* REQUIRED WORK:
Exactly retype the lines below from the one containing "六年级英语阅读超详解 Part 1 青铜篇:22 Helping in the zoo" through the end of the listing. Leave pictures out.

SUPPLIED INFORMATION below:

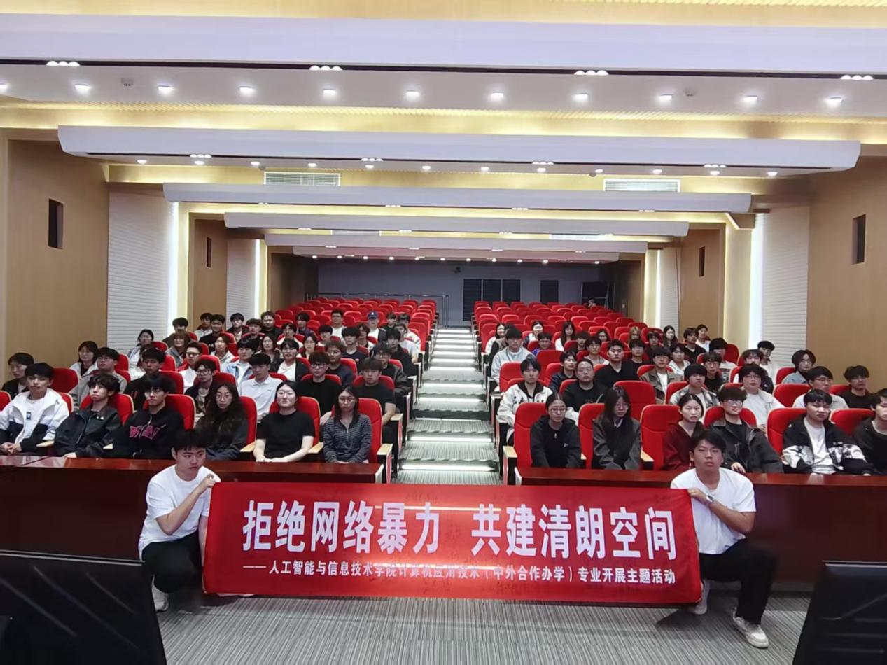 为深入贯彻习近平总书记关于网络强国的重要思想,落实立德树人根本任务,引导青年学生树立正确网络观,4月2日,人工智能与信息技术3044AM永利集团组织开封校区计算机应用技术专业(中外合作办学)开展“拒绝网络暴力,共建清朗空间”主题教育活动,通过观影、倡议、签名等形式,引导师生自觉抵制网络暴力,共筑文明网络环境。
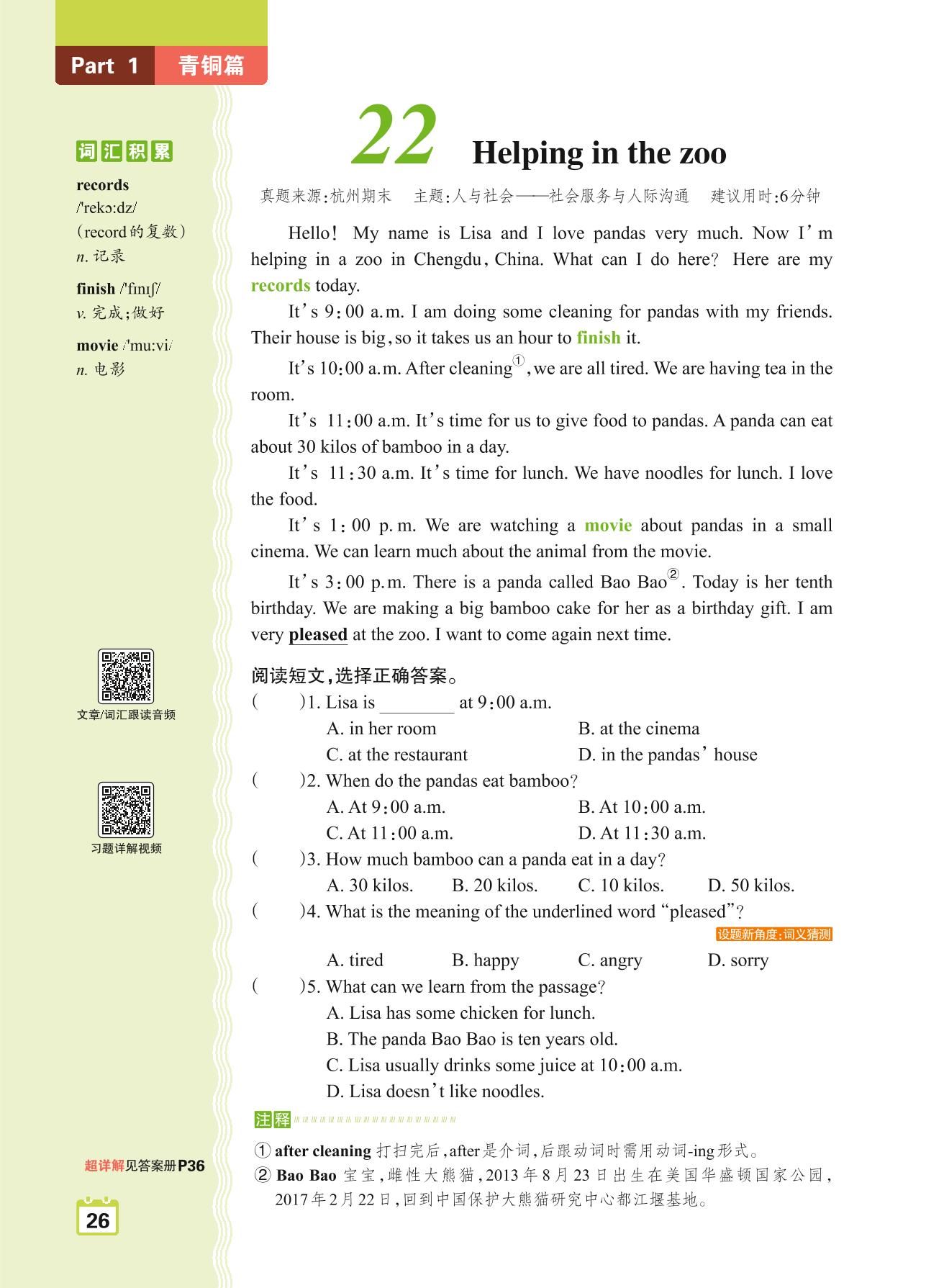 六年级英语阅读超详解 Part 1 青铜篇:22 Helping in the zoo
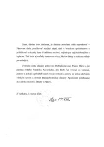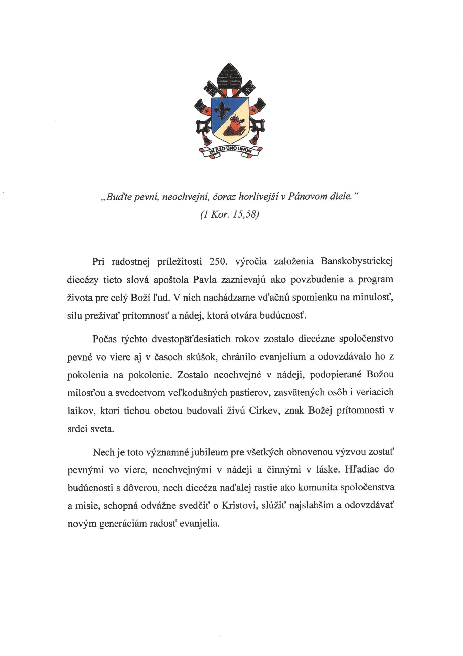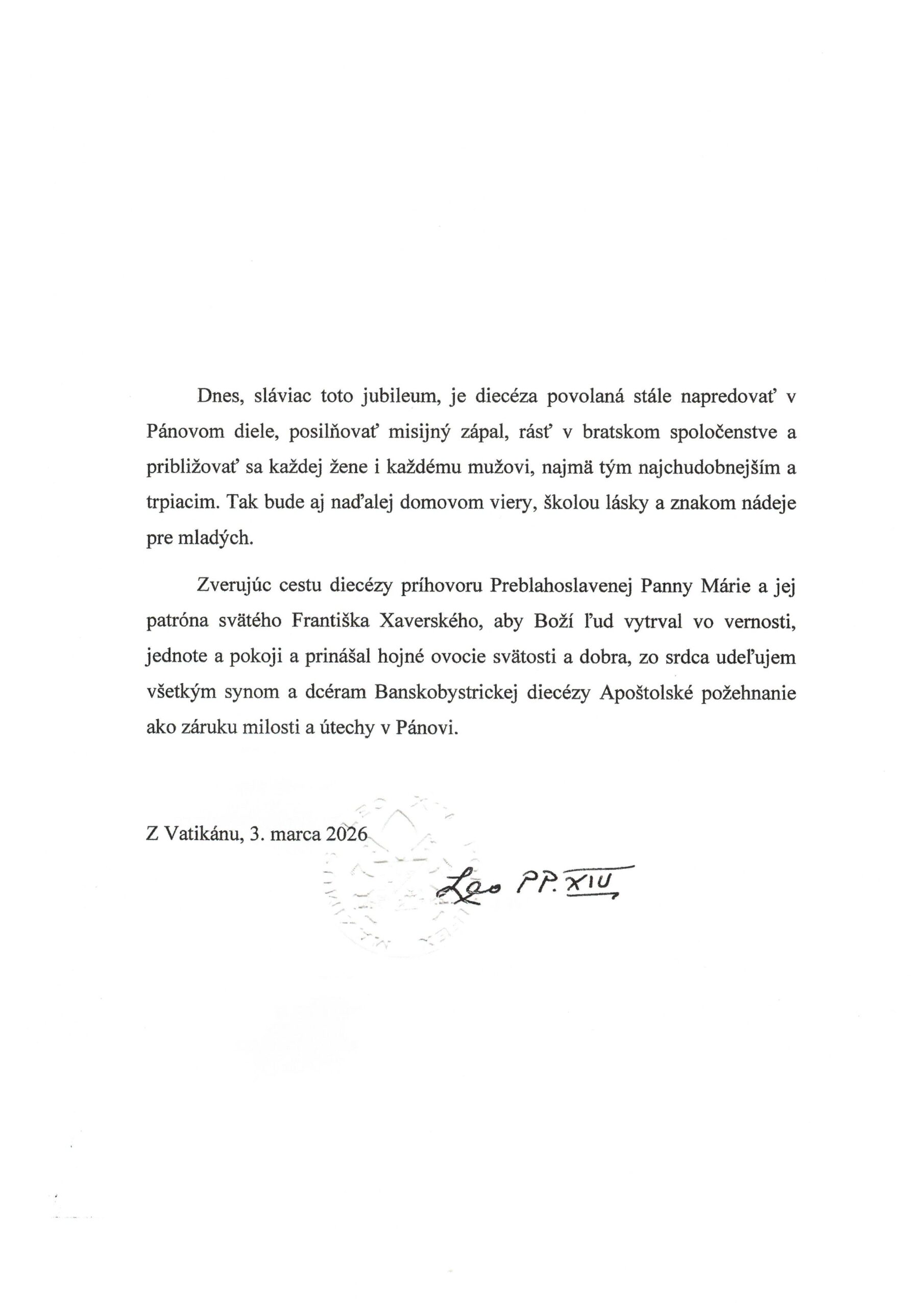 „Hľadiac do budúcnosti s dôverou, nech diecéza naďalej rastie ako komunita spoločenstva a misie, schopná odvážne svedčiť o Kristovi, slúžiť najslabším a odovzdávať novým generáciám radosť evanjelia,“ okrem iného uvádza list od Svätého Otca. S listom prišla aj medaila Leva XIV. vydaná v prvom roku jeho pontifikátu.

End of SUPPLIED INFORMATION.

* WRITTEN SOLUTION:
 六年级英语阅读超详解 Part 1 青铜篇:22 Helping in the zoo
 „Hľadiac do budúcnosti s dôverou, nech diecéza naďalej rastie ako komunita spoločenstva a misie, schopná odvážne svedčiť o Kristovi, slúžiť najslabším a odovzdávať novým generáciám radosť evanjelia,“ okrem iného uvádza list od Svätého Otca. S listom prišla aj medaila Leva XIV. vydaná v prvom roku jeho pontifikátu.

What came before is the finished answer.